When downloading from a trusted app store, users generally believe security will not be an issue. Sadly, security can never be confirmed. Apple’s App Store, generally considered much secure compared to its contemporaries, was the recent prey. At least 76 popular iOS apps were found to be susceptible to data interception according to a report from a security expert.
These concerning findings come from verify.ly, a service created by Sudo Security Group CEO Will Strafach.
Strafach’s verify.ly service is dedicated to scanning apps in the iOS App Store searching for vulnerabilities to help developers understand how to harden and secure their code. The scans look for patterns in vulnerabilities to determine which applications are under threat.
The applications, found vulnerable to silent data interception, amassed over 18 million total downloads from the App Store. While each app is of varying risk level, needless to say, a user is safer with all of them removed from the system.
List of low-risk vulnerable apps
- Free Video Call, Text and Voice
- Snap Upload for Snapchat
- Uconnect Access
- Uploader Free for Snapchat
- Safe Up for Snapchat
- Tencent Cloud
- Uploader for Snapchat
- Huawei HiLink (Mobile WiFi)
- VICE News
- Trading 212 Forex & Stocks
- 1000 Friends for Snapchat
- YeeCall Messenger
- Loops Live
- Private Browser
- Cheetah Browser
- AMAN BANK
- FirstBank PR Mobile Banking
- VPN free
- Gift Saga
- Vpn One Click Professional
- Music tube
- Foscam IP Camera Viewer by OWLR for Foscam IP Cams
- Code Scanner by ScanLife: QR and Barcode Reader
Usually, protection by Transport Layer Security, the protocol that secures communications between a client and a server, prevents such breaches. Since the apps fail to provide this security, an invalid TLS certificate injected into the communications can intercept user data. The interception is possible regardless of whether the developers use Apple networking security feature, App Transport Security.

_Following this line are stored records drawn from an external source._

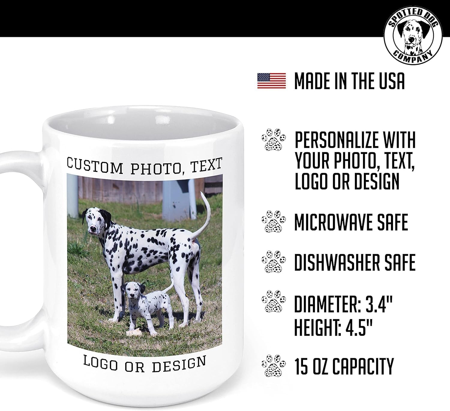 Personalized White 15oz Ceramic Coffee Mug with Custom Photo, Text, Logo or Design, DYE, Taza para Cafe Personalizadas con Fotos, Mother’s Day Gift, Great Gifts for Men, Women, Picture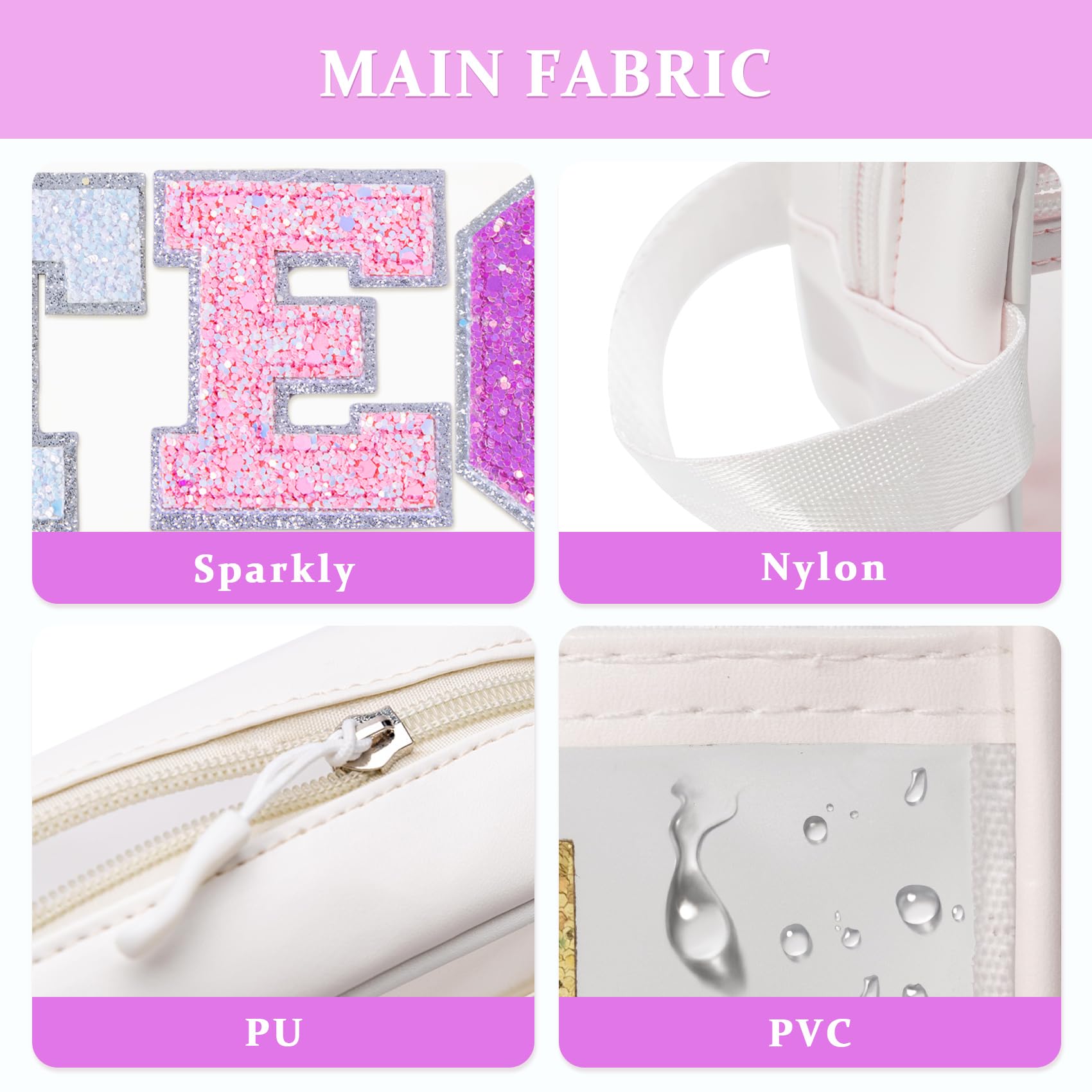 - [Clear zipper pouch with glitter letter patches TECH] Different with chenille varsity letters, TECH patches made of glett fabric, sparkling shining in the sunshine and lights, colorful trending fashion decorations for teens girlfriend mother mom mum women bags in 2023.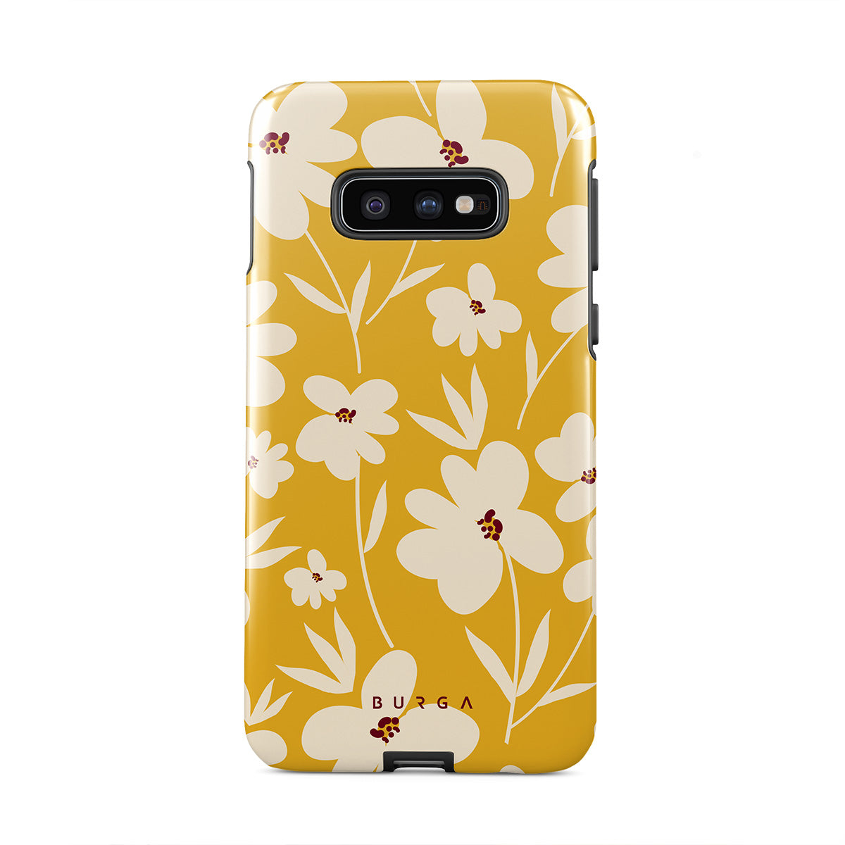 Full of fresh produce, warm rays of sunshine, and relaxing moments, our Sunday Market Samsung Galaxy S10E phone case encase all of this! The vintage mustard-yellow background with beautiful creme flowers will add that soft floral touch to your wardrobe while protecting your device from unexpected falls!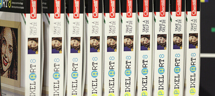 Per il progetto sviluppato da Creostudios per Quercetti, Ciemme ha realizzato due elementi: un adesivo stampato su uno speciale supporto attacca & stacca, che sfrutta le possibilità creative del dato variabile per personalizzare la confezione, e astucci in cartoncino teso automontanti senza punti colla che contengono chiodini aggiuntivi rispetto alle confezioni standard di Pixel Art 8 Take a Selfie. La stampa è realizzata con la nuova tecnologia ad alta produttività Konica Minolta AccurioPress C12000, una delle due ammiraglie di Konica Minolta nel segmento colore Production Heavy con tecnologia toner da 120 ppm, grammature fino a 450 gsm e fronte retro automatico fino a 900mm. Dotata di controllo automatico del colore e del registro è l’Ideale per gli stampatori che vogliono aumentare la produttività attraverso un incremento di efficienza e velocità.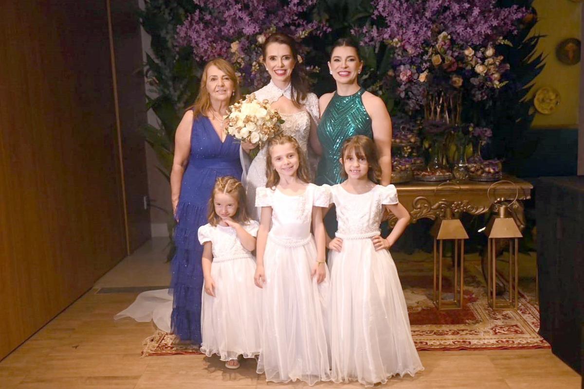 A noiva com a mãe, Maria Aparecida, a irmã, Julia Ferreira, Anne e Luise Cervato, filhas da noiva e Helena Ferreira, sobrinha da noiva (Foto/Arquivo pessoal)

Strafach, in a blog post on his findings, stresses that:
The truth of the matter is, this sort of attack can be conducted by any party within Wi-Fi range of your device while it is in use. This can be anywhere in public, or even within your home if an attacker can get within close range.
There is no possible fix to be made on Apple’s side, because if they were to override this functionality in attempt to block this security issue, it would actually make some iOS applications less secure as they would not be able to utilize certificate pinning for their connections, and they could not trust otherwise untrusted certificates which may be required for intranet connections within an enterprise using an in-house PKI. Therefore, the onus rests solely on app developers themselves to ensure their apps are not vulnerable.
He explained an attack could be carried out using custom hardware or a slightly modified smartphone. This mode of attack is comparable to that of a device that is able to skim data from credit cards.
Apps Susceptible to Data Interception
One of the affected apps was ooVoo, a popular video chat service that leaves usernames and passwords vulnerable to interception. The issue has been present in the app since 2013 according to a report from Double Encore engineer Nick Arnott.
Other apps found to be at risk included the official app for Vice News, several third-party Snapchat apps, banking apps based in Puerto Rico and Libya, and several popular and free VPN apps. The banking apps and VPNs are of particular concern as they should provide greater security and are more likely to carry sensitive information.
Strafach stated that to protect data, it is a better idea to switch off your Wi-Fi and cellular data. Cellular networks are not as easily tracked as Wi-Fi networks. Hence, it is advisable to use cellular data to login to your bank account, make transactions and balance inquiry.
Strafach sorted the 76 apps into low, medium, and high-risk categories. He intends to reach out to developers to fix the problem before exposing the list of vulnerabilities.
The list will be revealed within ta few months so that cyber criminals can’t exploit apps before they are patched. Meanwhile, a list of low-risk apps has been released for user security. As of now, users are recommended to remove any app vulnerable to data interception, that they have installed.